Ketua pelaksana Parade Monolog, Syifa Aulia mengungkapkan, tujuan awal program tersebut memberikan wadah bagi para senior Teater Syahid yang masih aktif di dunia kesenian untuk tampil. Akan tetapi, karena adanya tawaran kolaborasi dengan Sanggar Kummis dan Teater Guriang, Parade Monolog diperluas cakupannya. “Jadi kita sekalian itu gak hanya untuk senior, jadi untuk teman-teman teater lain gitu untuk ikut acara ini,” tutur Syifa, Jumat (20/12).
Syifa berharap kedepannya lebih banyak lagi yang tertarik dan antusias dengan adanya Parade Monolog ini. Selain itu, ia juga menyampaikan harapannya agar Parade Monolog dapat kembali diselenggarakan di tahun-tahun mendatang. “Dan bisa apa ya, menjadi bentuk apresiasi untuk orang-orang yang masih bergelut di dunia kesenian gitu,” ungkap Syifa.

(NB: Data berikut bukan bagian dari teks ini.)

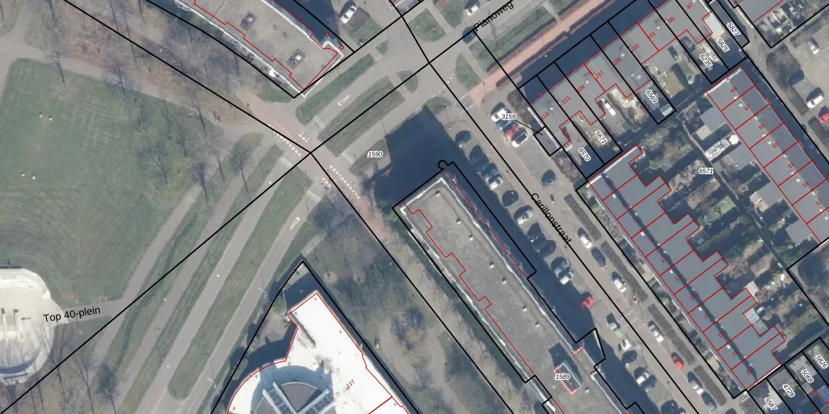 Het perceel waarop Carillonstraat 72 staat heeft een oppervlakte van 1860 m². Dit is een zeer groot perceel. De perceeloppervlakte wordt geregistreerd door het Kadaster. Gedetailleerde informatie over de maten van dit perceel kunt u vinden in het rapport Kadastrale kaart met maatvoering van Carillonstraat 72.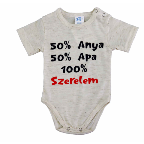 Kényeztesd kisbabádat ezzel a puha, 100% pamutból készült, rövid ujjú baba bodyval, amelyet a magyar Andrea Kft. gyártott. A nyers cirmos színű, felirattal nyomott body unisex, így kisfiúknak és kislányoknak egyaránt tökéletes. A vállon található nikkelme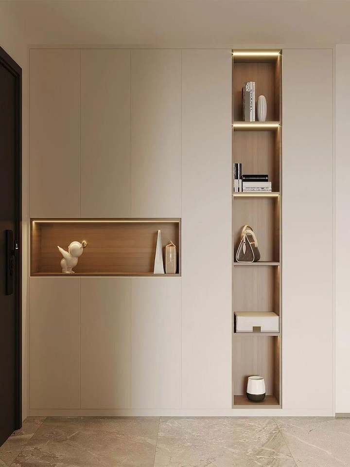 Almacenamiento de armario de madera abierto gris para dormitorio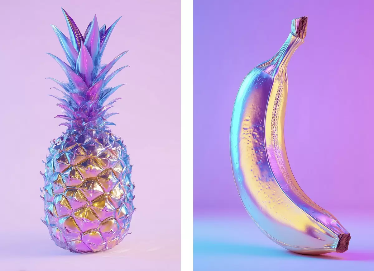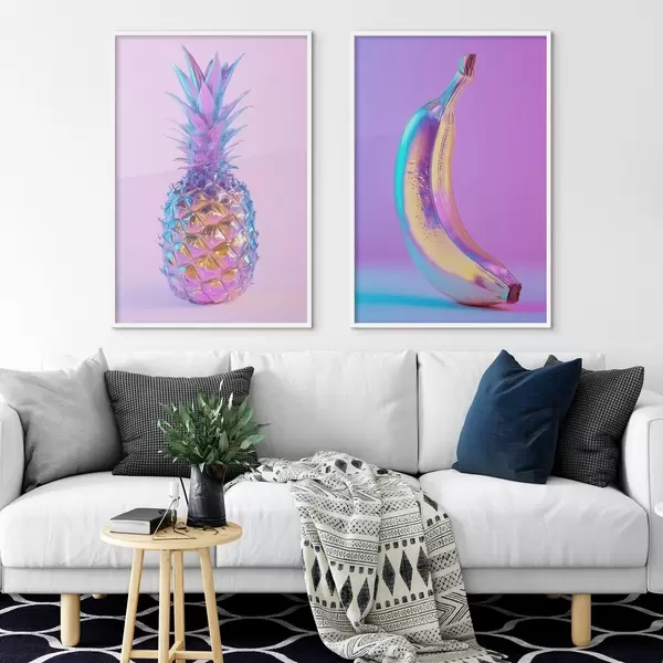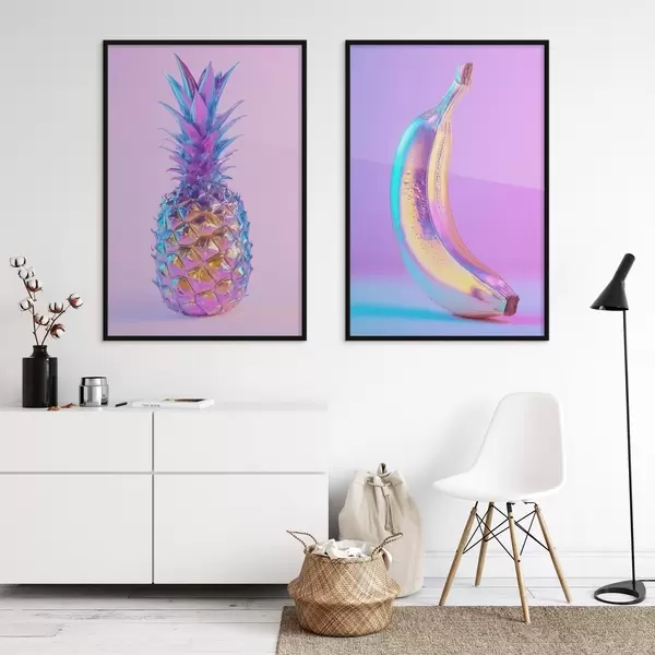 Poster heldere glanzende ananas en banaan in popartstijl Nr d00737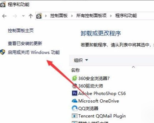 3、接着,完成上述步骤后, 单击左侧栏中的“搭桐启用或关闭 Windows 功能”菜单项,如下图所示。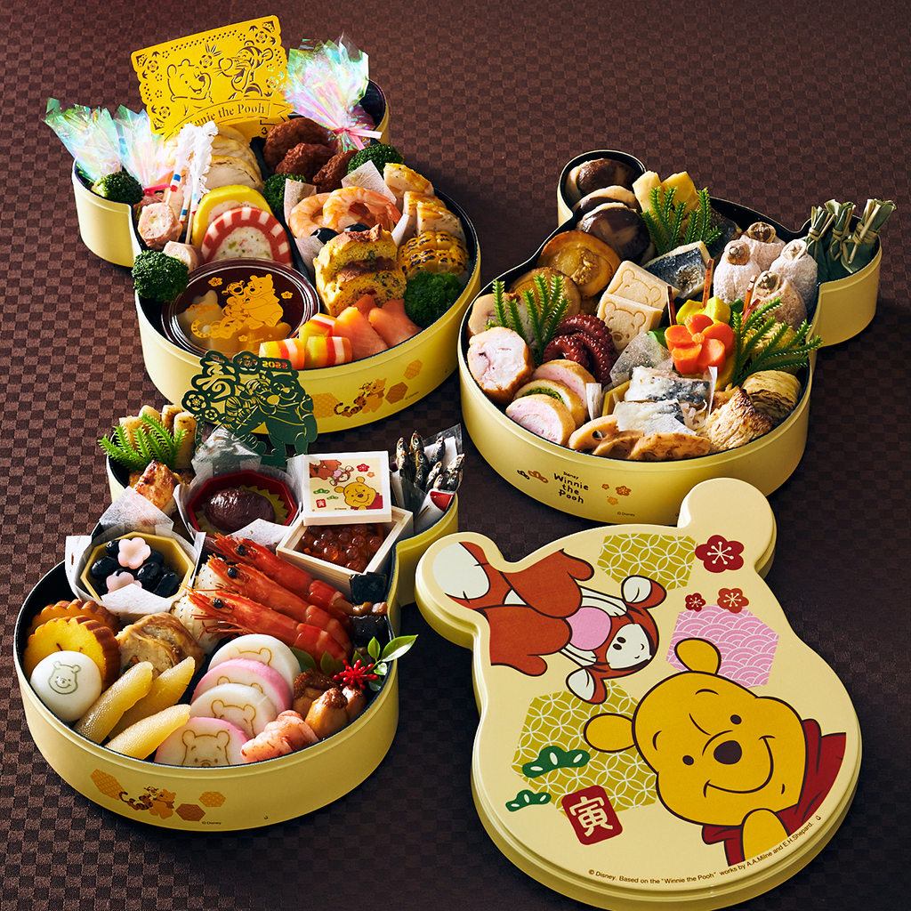 また、着物姿の「ミッキー&ミニー」が素敵なオリジナルデザインの重箱が魅力の『おせち・三段重「プレミアム」』、桜モチーフとキャラクターを組み合わせた晴れやかなデザインのミッキーフェイス型重箱『おせち・三段重「ミッキー&ミニー」』や、「くまのプーさん」と「ティガー」を組み合わせた寅年ならではのフェイス型重箱『おせち・三段重「くまのプーさん」』も登場します。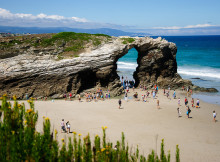 Krásná písečná pláž a přírodní útvar u severního pobřeží Španělska. Playa de las Catedrales Playa de las Catedrales se nachází nedaleko města Ribadeo u severního pobřeží Španělska. Celá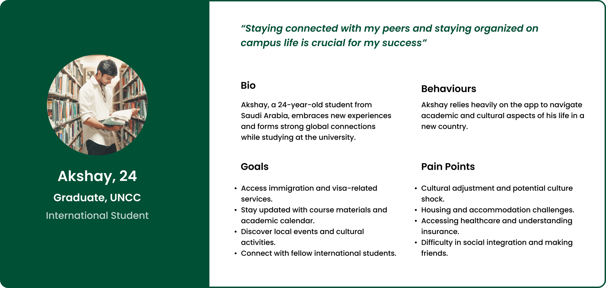 To better understand the users and their Challenges at UNC Charlotte. To learn about their difficulties due to cultural differences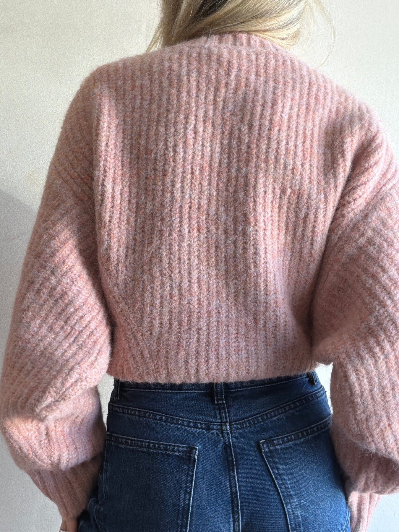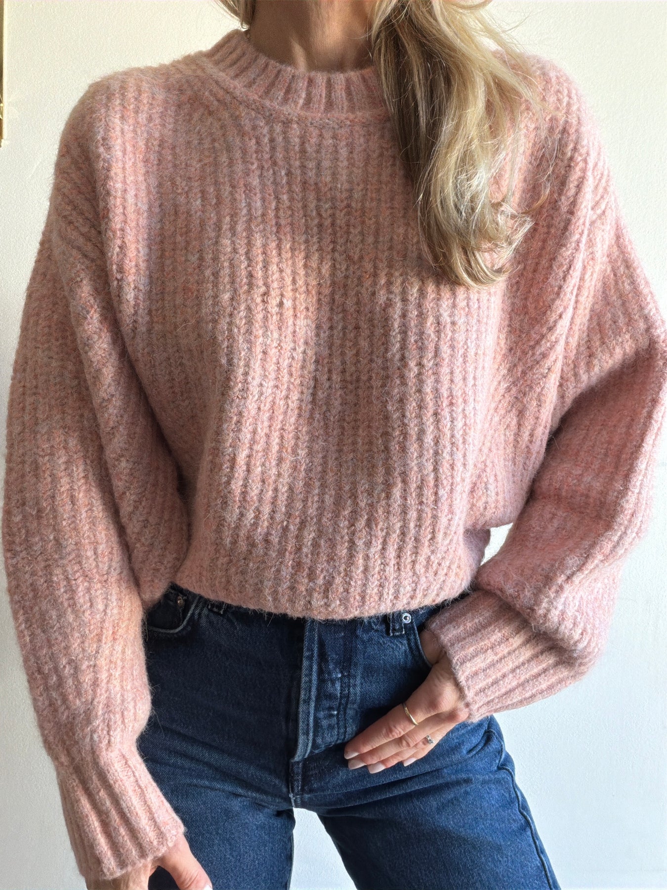 This ultra soft sweater features a pull over design, beautiful soft blush pink tone, slight cropped length and a dolman sleeve.
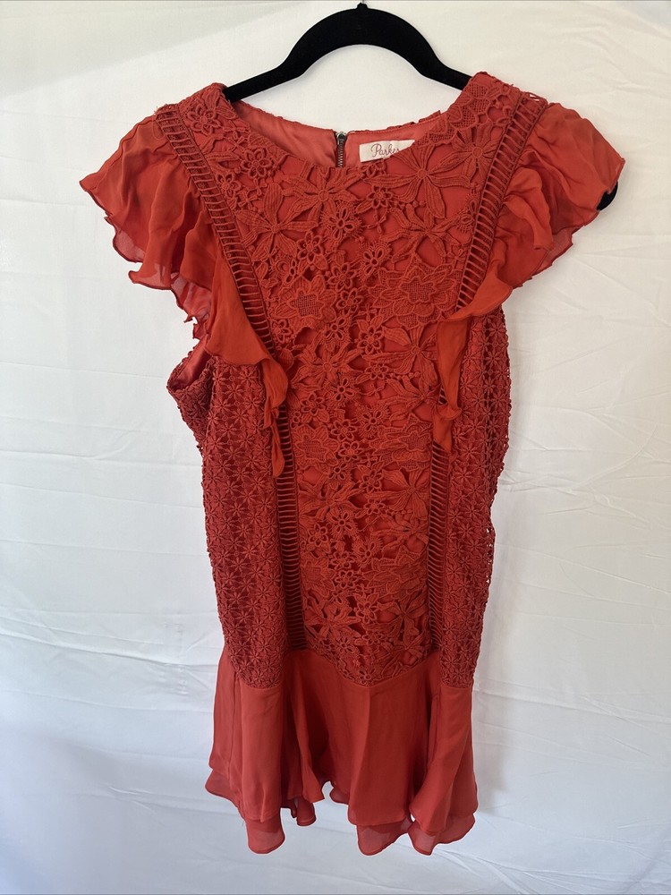This stunning Parker dress in a vibrant orange-red color is the perfect addition to any woman's wardrobe. The fit and flare style is flattering and feminine, while the knee-length cut adds a touch of sophistication. The dress is designed for women in size 4 and is made with high-quality materials to ensure long-lasting wear. The brand name, Parker, is synonymous with style and quality, making this dress a must-have for any fashion-conscious woman. The dress is perfect for a variety of occasions, from a night out with friends to a formal event. Add this beautiful dress to your collection today and make a statement wherever you go!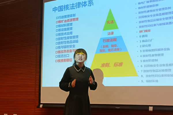 下午2时30分,讲座准时开始。首先由主持人徐佳璐老师为刘久老师颁发人文思政工作室聘书。接下来,刘久老师分析了安全与发展的关系,指出核法律对核安全与发展的重要性。刘久老师用深入浅出的语言、生动形象的案例,从核矿冶、核设备、核设施、我国核安全应急响应制度、核材料和设备贸易、辐射防护、乏燃料与放射性废物治理等方面介绍了我国核法律体系,阐明法律是核安全的有力保障。最后,她指出,核科学与技术和法学的融合发展是培养“核法兼备”的跨学科人才的基础与要求,而如何培养跨学科人才,使其在核法律领域走出一条“专而精”的特色发展之路,任重道远。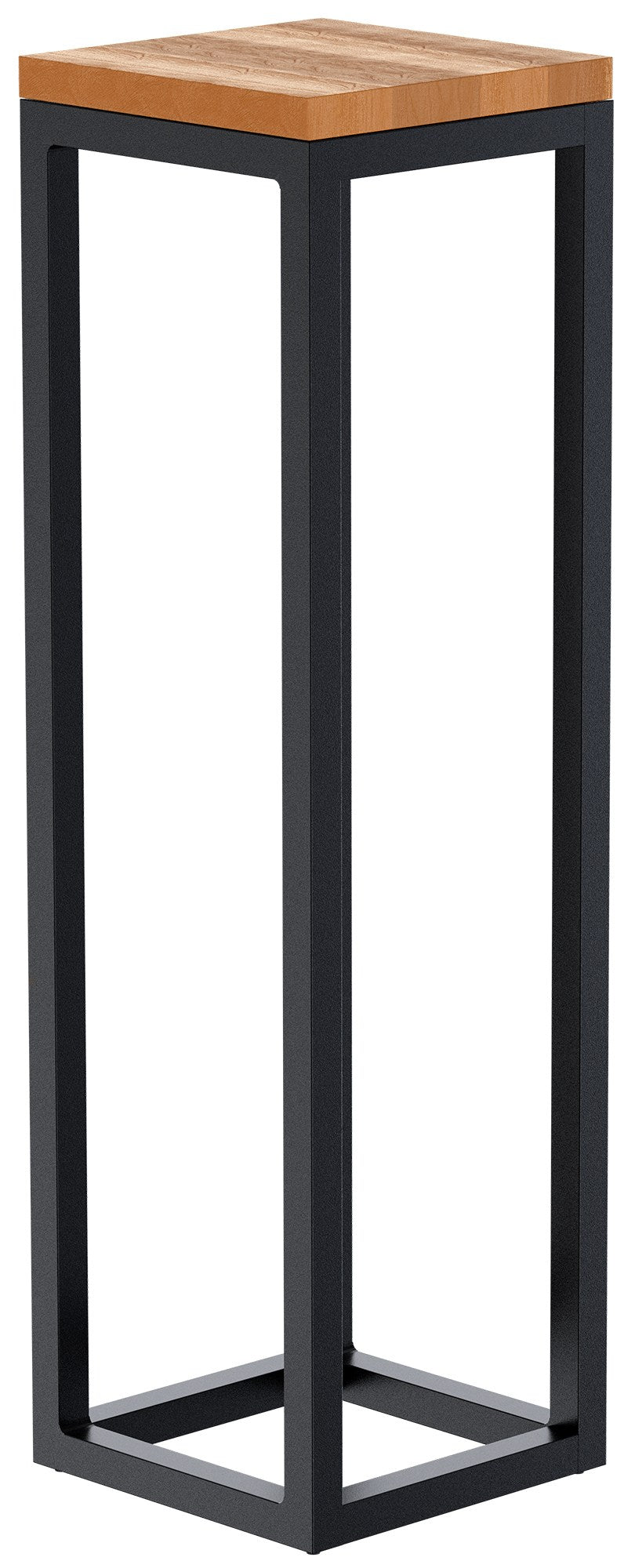 Die Tischplatte aus massivem Eichenholz verleiht dem Tisch eine natürliche, warme Ausstrahlung, während das robuste, matt-schwarze, pulverbeschichtete Metallgestell für Stabilität und einen modernen Look sorgt. Bodenschoner schützen empfindliche Böden vor Kratzern.
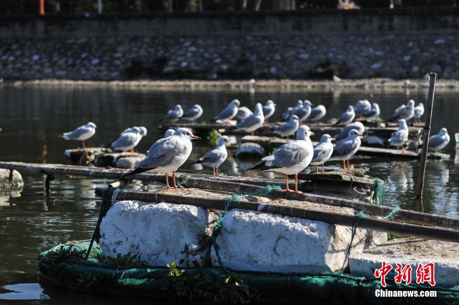 图为红嘴鸥在杨水兰的舢板上停靠。 中新社发 任东 摄
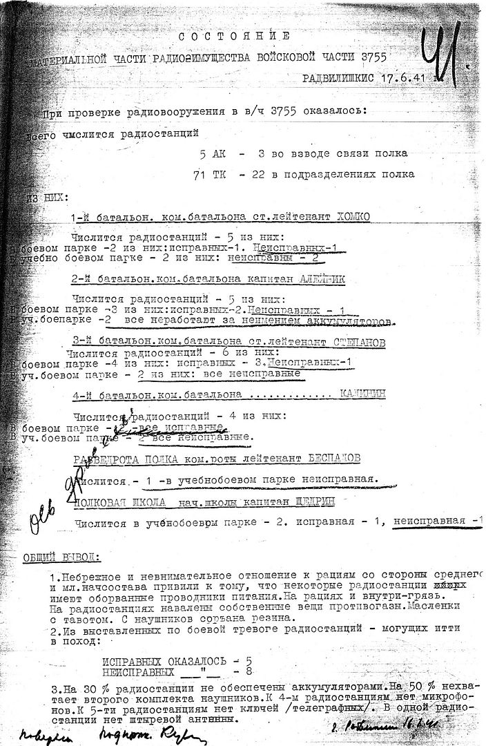 «В подготовке связистов встречаются ряд затруднений связных с формированием и неукомплектованностью младшим и средним начсоставом, так в ОБС 7486 младшего начсостава положено 91, имеется 10 человек, среднего начсостава положено 36, имеется 16.

Sebagai penonton, Darin dari SMA Muhammadiyah IV Jakarta menyampaikan apresiasinya terhadap penampilan monolog hari pertama. Menurutnya, penampilan para tokoh sangat memukau dan mampu menghadirkan suasana emosional yang campur aduk, dari sedih hingga marah. “Tadi sih dari pembawaannya ya dari para tokohnya itu sangat amat terbawa suasana ya. Kayak dari sedih, kesal, semuanya campur aduk,” ucap Nahla, Kamis (12/12).
Muhammad Naufal Waliyuddin selaku penonton turut mengapresiasi kegiatan Parade Monolog yang menampilkan pementasan berkualitas dan relevan dengan isu terkini. Selain itu, Naufal menilai Teater Syahid kerap menyajikan karya-karya yang bagus dan sesuai dengan minat mahasiswa. “Ya, kita apresiasi dengan menonton dan mengambil pesan-pesan yang bisa diambil di pementasan itu,” pungkasnya, Kamis (19/12).